Our finding that ammonium addition alleviated the cost of a larger genome for growth (Fig. 2, Table 2) is consistent with the nutrient stress hypothesis [7]. Carbon addition to soil often stimulates ammonium immobilization by heterotrophic microorganisms, exacerbating N limitation of growth and of associated genome replication, and therefore conferring an advantage to a smaller genome with lower N cost of replication. When N and C are added together, this advantage is diminished. This also explains the results from the synthesis of pure culture studies (Fig. 1b), because with no nutrient limitation, there would be no growth advantage to having a smaller genome.

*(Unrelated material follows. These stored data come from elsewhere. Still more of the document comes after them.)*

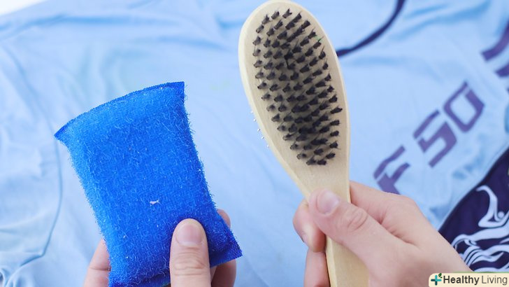 - Попередня обробка миючим засобом. налийте трохи універсального рідкого миючого засобу безпосередньо на пляму і обережно потріть м'якою зубною щіткою або рушником, змоченим у воді. Потріть з обох сторін тканини протягом декількох хвилин (тільки не протріть дірку). Залиште миючий засіб приблизно на 10 хвилин.
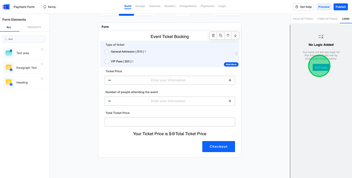 1. With the calculations in place, our subsequent task is to adjust the ticket price according to the chosen ticket type. For this purpose, we’ll utilize the “Logic” functionality in MakeForms. Access this feature by selecting the “Logic” Tab on the right sidebar. If no logic has been previously configured, you’ll spot a blue “Add Logic” button within.
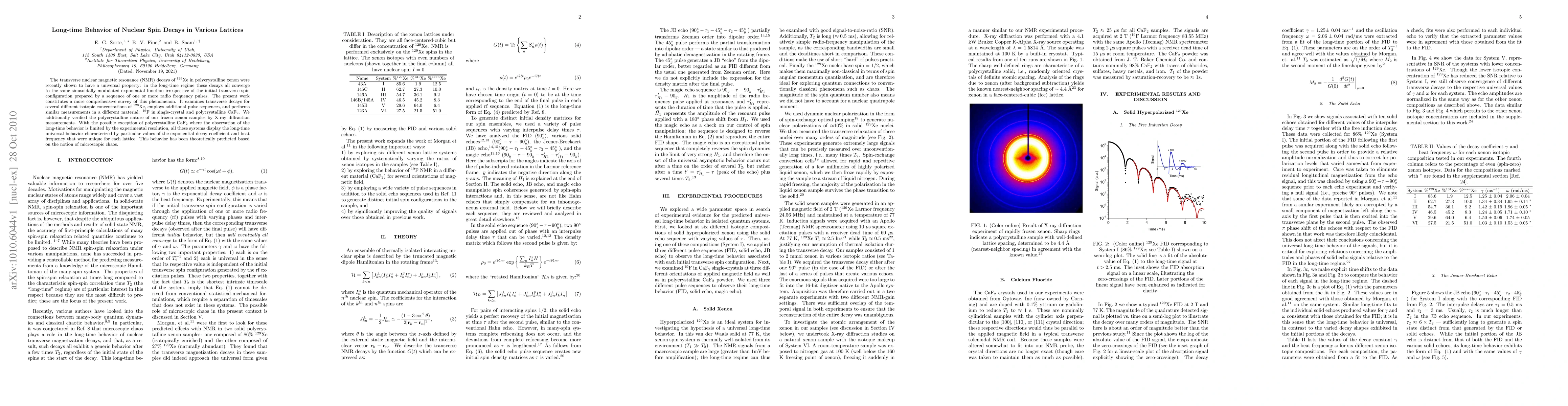 This research investigates the long-time behavior of nuclear spin decays in various lattices, finding that transverse decays of $^{129}$Xe and $^{19}$F converge to a universal sinusoidally modulated exponential function, with unique decay coefficients and beat frequencies for each lattice, supporting theoretical predictions of microscopic chaos.
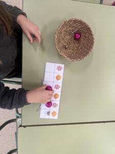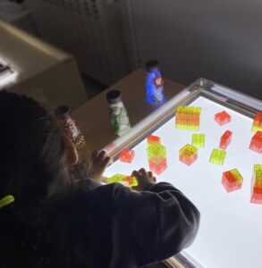 Amb les matemàtiques manipulatives els infants poden crear sèries, reproduir patrons i experimentar amb materials atractius, amb colors i elements propis d’aquesta època. Paral·lelament, a l’aula sensorial, gaudeixen de propostes plenes de color a les taules de llum i per tot l’espai, on diferents materials conviden a observar, tocar i sorprendre’s.

Microbiology has advanced by studying microorganisms in pure culture in the laboratory, and calls for improved culturing strategies promise new insights [46]. Ecology has advanced by studying organisms in nature, accepting environmental heterogeneity and community interactions as essential features of the world organisms inhabit. Microbial ecology should bridge these approaches. Attempts to do so are widespread using molecular tools, inferring function based on gene sequence data collected from the field. However, the translation from genes to function rests on a pure culture foundation, and that foundation can fail, as demonstrated here for unamended soils where a commonly applied prediction from culture failed in nature. The failure is not surprising: performance of an organism under near optimal conditions in pure culture will differ from the performance of the very same organism in nature, subject to competitive interactions, limited by resources, and stressed by suboptimal environmental conditions. Results presented here show how microbial ecology can advance by measuring quantitative trait variation of microorganisms in the habitats where they naturally occur. Techniques like qSIP can evaluate where principles derived from the laboratory apply to microorganisms in nature, and where they fail. It is not surprising that growth responses to resource pulses corresponded with traits derived from studies of resource-rich laboratory cultures. At the same time, the high variation in growth rates observed without resource amendment points to important phenotypic variation in growth (Fig. 1), even under resource-limited conditions, and the need to explore the genomic traits and environmental conditions that drive that variation.

Assigning ecological strategies based on taxonomy is a common approach for interpreting microbiome data, but this effort to date is largely divorced from measurements testing whether the organisms actually utilize their assigned strategies in nature. Growth is a useful metric for evaluating ecological strategies, because it integrates ecological and evolutionary processes, from metabolism [2], to resource uptake and use [47] and thus the imprint of biology on element cycles, to fitness [48], the ultimate result of variation in genomic traits. Assessing growth in natural microbial communities, combined with molecular tools, provides access to a richer suite of ecological mechanisms influencing organismal performance than can be assessed in laboratory cultures. Findings presented here show that it is now possible to pair genomic traits of microorganisms with their growth rates in nature. Such efforts hold promise for a refined and evidence-based foundation for proposed ecological strategies, whether best defined by a single axis of copiotrophic to oligotrophic [49], by a triangle of competitive, ruderal, and tolerance [50], or by multi-dimensional spectra of traits and tradeoffs [51].